(What you are asked to do)
The material below holds pictures; leave them out and reproduce exactly the lines from the one with "Women's Sequin V-Neck" through the one with "Armband Edelstahl Kristall", inclusive.
[Start of Attachment]
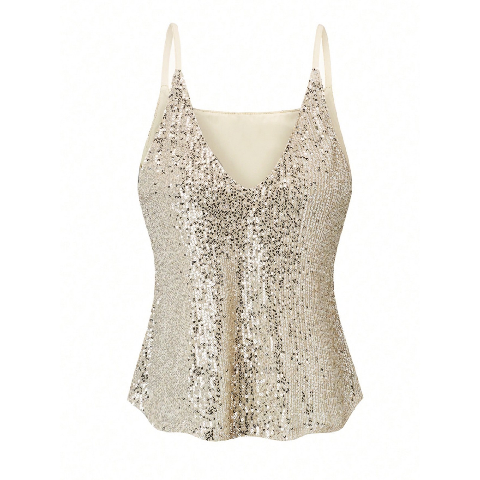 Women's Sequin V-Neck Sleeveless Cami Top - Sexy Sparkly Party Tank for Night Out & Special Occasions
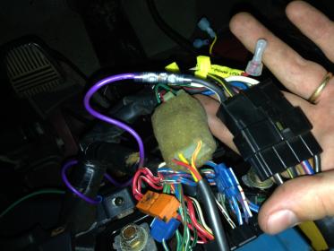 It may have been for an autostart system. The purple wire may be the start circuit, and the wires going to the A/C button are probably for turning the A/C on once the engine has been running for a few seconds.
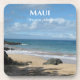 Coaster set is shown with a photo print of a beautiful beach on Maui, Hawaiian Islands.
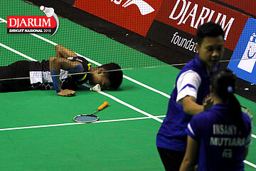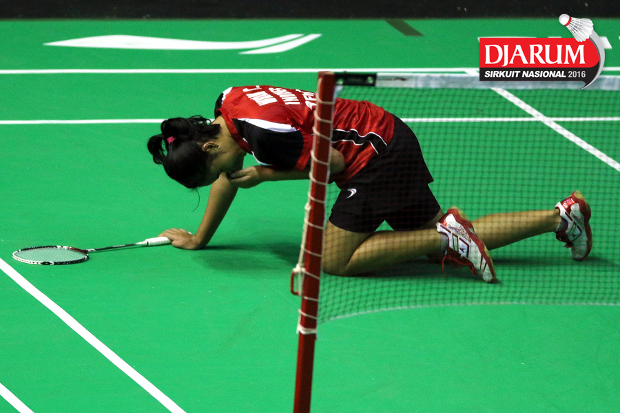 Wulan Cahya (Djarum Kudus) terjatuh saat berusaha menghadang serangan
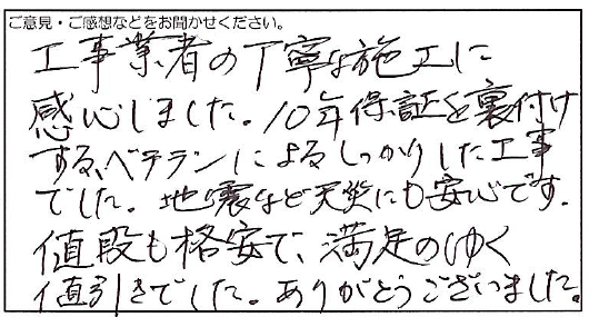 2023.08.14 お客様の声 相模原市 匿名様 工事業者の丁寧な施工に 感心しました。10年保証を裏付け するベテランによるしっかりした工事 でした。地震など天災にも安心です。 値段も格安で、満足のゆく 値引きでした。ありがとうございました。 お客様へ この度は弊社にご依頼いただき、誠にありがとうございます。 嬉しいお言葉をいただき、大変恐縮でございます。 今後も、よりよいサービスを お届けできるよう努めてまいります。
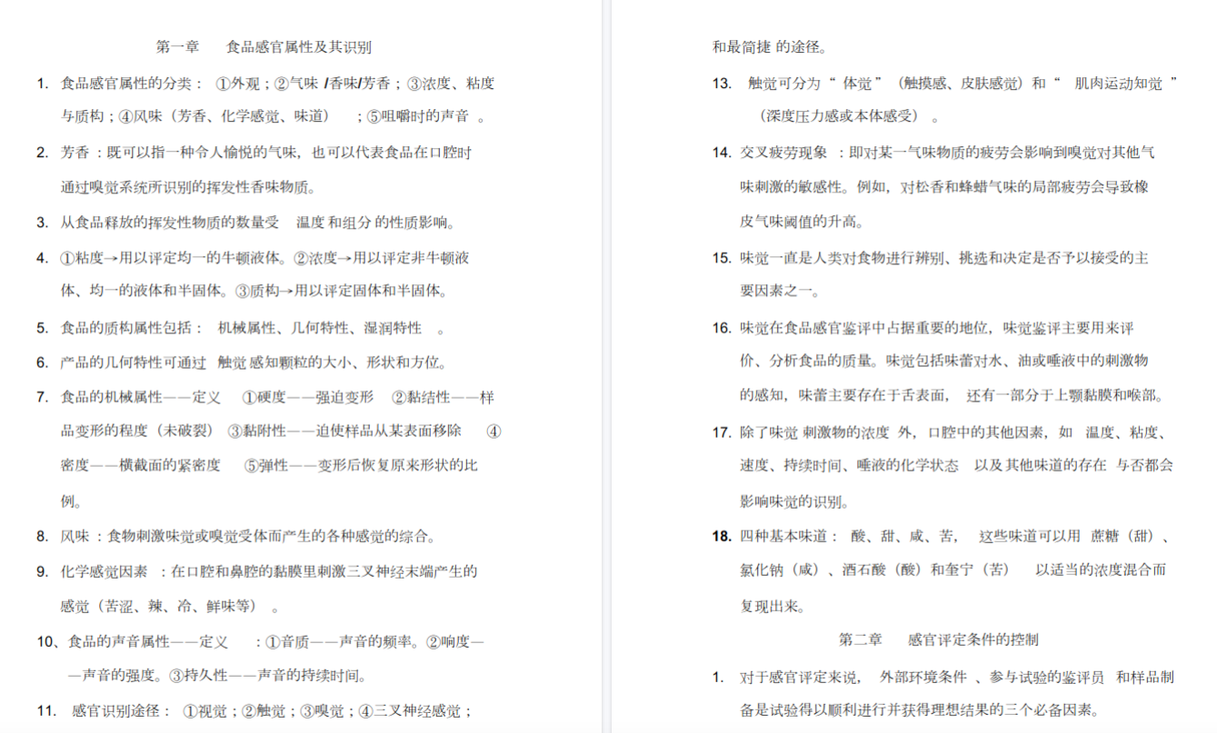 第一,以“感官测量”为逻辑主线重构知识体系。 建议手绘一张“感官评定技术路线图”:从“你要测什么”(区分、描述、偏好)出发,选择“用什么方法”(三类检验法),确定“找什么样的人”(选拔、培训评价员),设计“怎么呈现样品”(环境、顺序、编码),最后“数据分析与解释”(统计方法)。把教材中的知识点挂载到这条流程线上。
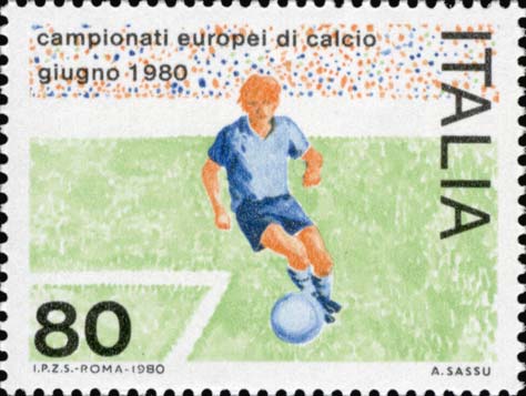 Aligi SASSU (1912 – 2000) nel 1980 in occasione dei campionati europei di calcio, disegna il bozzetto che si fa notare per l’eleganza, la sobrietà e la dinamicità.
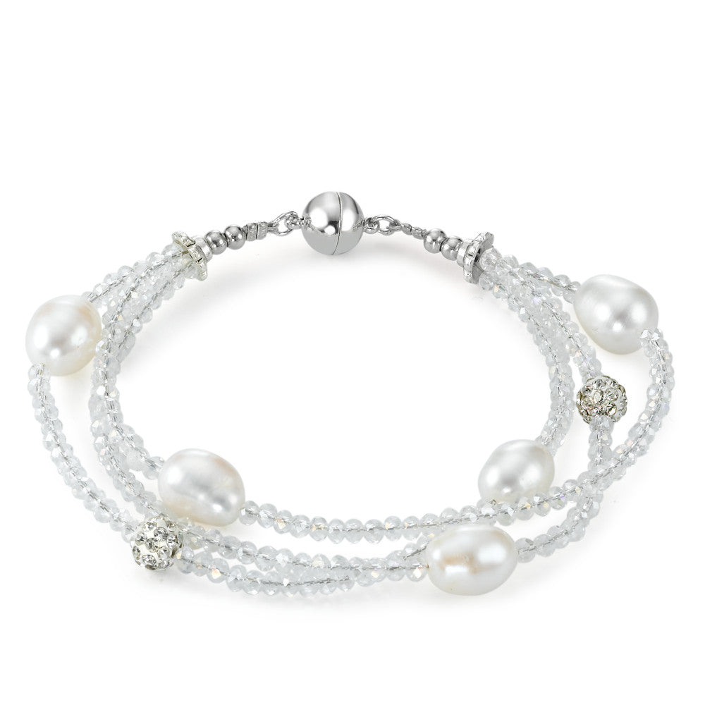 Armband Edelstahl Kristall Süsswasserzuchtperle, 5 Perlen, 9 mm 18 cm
[End of Attachment]
[Start of Attachment]
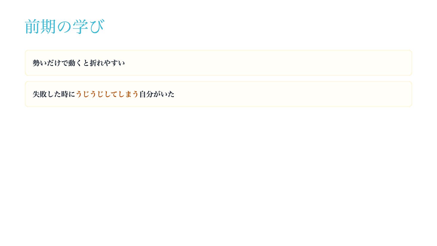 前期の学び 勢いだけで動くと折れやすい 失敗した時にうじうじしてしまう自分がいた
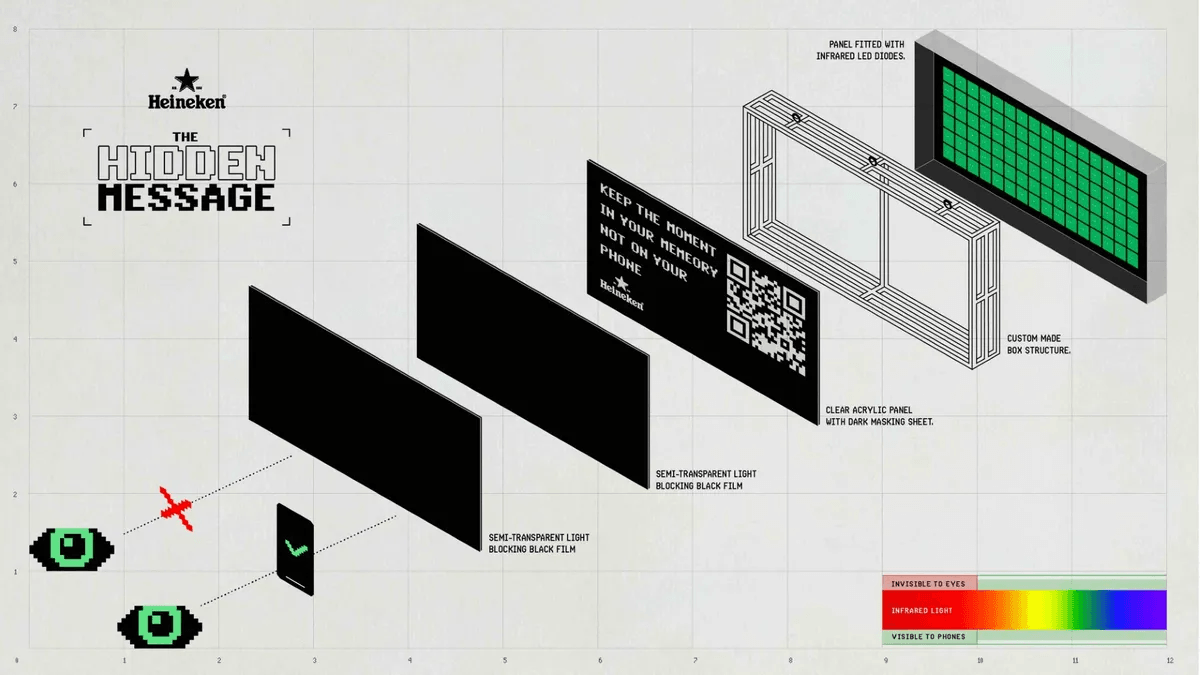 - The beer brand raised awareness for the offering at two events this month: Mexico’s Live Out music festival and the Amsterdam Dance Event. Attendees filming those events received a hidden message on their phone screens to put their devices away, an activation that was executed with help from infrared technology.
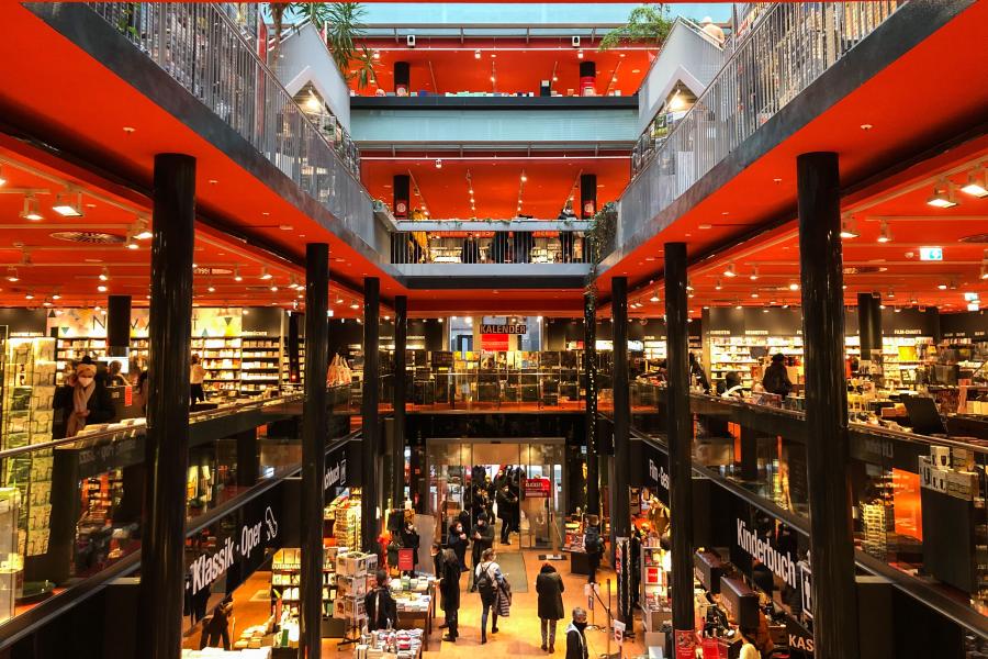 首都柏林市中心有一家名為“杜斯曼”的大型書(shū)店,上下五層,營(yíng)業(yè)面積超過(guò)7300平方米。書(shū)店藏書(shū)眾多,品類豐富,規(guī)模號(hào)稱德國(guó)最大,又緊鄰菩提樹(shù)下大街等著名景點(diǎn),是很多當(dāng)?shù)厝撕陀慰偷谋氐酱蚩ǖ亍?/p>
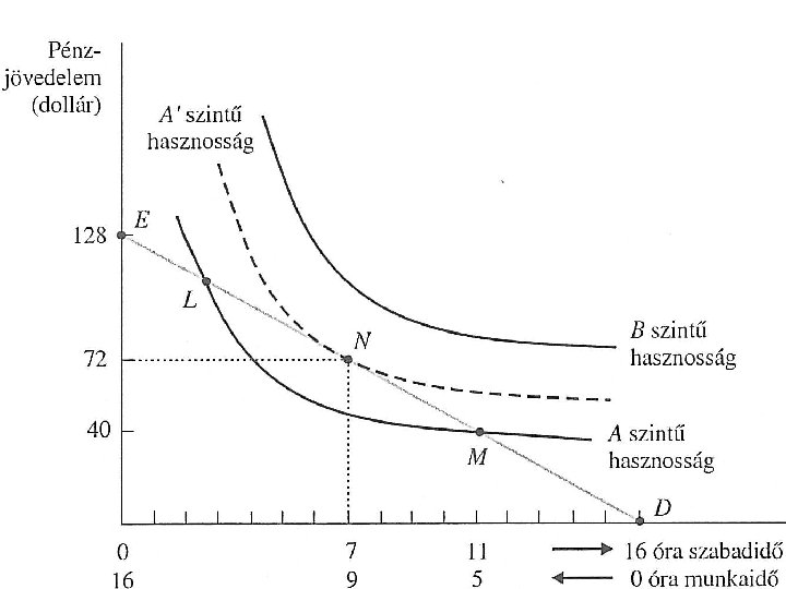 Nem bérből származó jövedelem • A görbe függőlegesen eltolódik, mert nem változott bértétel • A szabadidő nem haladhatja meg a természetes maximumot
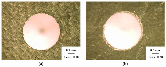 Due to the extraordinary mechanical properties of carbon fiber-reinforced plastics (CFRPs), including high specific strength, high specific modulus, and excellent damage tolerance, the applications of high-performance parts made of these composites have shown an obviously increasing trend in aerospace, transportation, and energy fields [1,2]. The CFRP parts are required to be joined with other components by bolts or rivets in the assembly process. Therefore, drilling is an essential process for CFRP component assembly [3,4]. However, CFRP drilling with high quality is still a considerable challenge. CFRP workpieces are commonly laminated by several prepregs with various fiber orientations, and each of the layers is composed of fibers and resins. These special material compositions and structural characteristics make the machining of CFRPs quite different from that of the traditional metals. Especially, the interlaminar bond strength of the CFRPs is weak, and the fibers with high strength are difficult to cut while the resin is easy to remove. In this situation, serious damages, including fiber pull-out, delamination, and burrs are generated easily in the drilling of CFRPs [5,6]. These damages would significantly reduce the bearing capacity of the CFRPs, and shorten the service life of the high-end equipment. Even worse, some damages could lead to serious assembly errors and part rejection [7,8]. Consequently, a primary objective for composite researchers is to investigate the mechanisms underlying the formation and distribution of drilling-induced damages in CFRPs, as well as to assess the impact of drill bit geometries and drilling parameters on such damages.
[End of Attachment]
(Solution to this task)
 Women's Sequin V-Neck Sleeveless Cami Top - Sexy Sparkly Party Tank for Night Out & Special Occasions
 It may have been for an autostart system. The purple wire may be the start circuit, and the wires going to the A/C button are probably for turning the A/C on once the engine has been running for a few seconds.
 Coaster set is shown with a photo print of a beautiful beach on Maui, Hawaiian Islands.
 Wulan Cahya (Djarum Kudus) terjatuh saat berusaha menghadang serangan
 2023.08.14 お客様の声 相模原市 匿名様 工事業者の丁寧な施工に 感心しました。10年保証を裏付け するベテランによるしっかりした工事 でした。地震など天災にも安心です。 値段も格安で、満足のゆく 値引きでした。ありがとうございました。 お客様へ この度は弊社にご依頼いただき、誠にありがとうございます。 嬉しいお言葉をいただき、大変恐縮でございます。 今後も、よりよいサービスを お届けできるよう努めてまいります。
 第一,以“感官测量”为逻辑主线重构知识体系。 建议手绘一张“感官评定技术路线图”:从“你要测什么”(区分、描述、偏好)出发,选择“用什么方法”(三类检验法),确定“找什么样的人”(选拔、培训评价员),设计“怎么呈现样品”(环境、顺序、编码),最后“数据分析与解释”(统计方法)。把教材中的知识点挂载到这条流程线上。
 Aligi SASSU (1912 – 2000) nel 1980 in occasione dei campionati europei di calcio, disegna il bozzetto che si fa notare per l’eleganza, la sobrietà e la dinamicità.
 Armband Edelstahl Kristall Süsswasserzuchtperle, 5 Perlen, 9 mm 18 cm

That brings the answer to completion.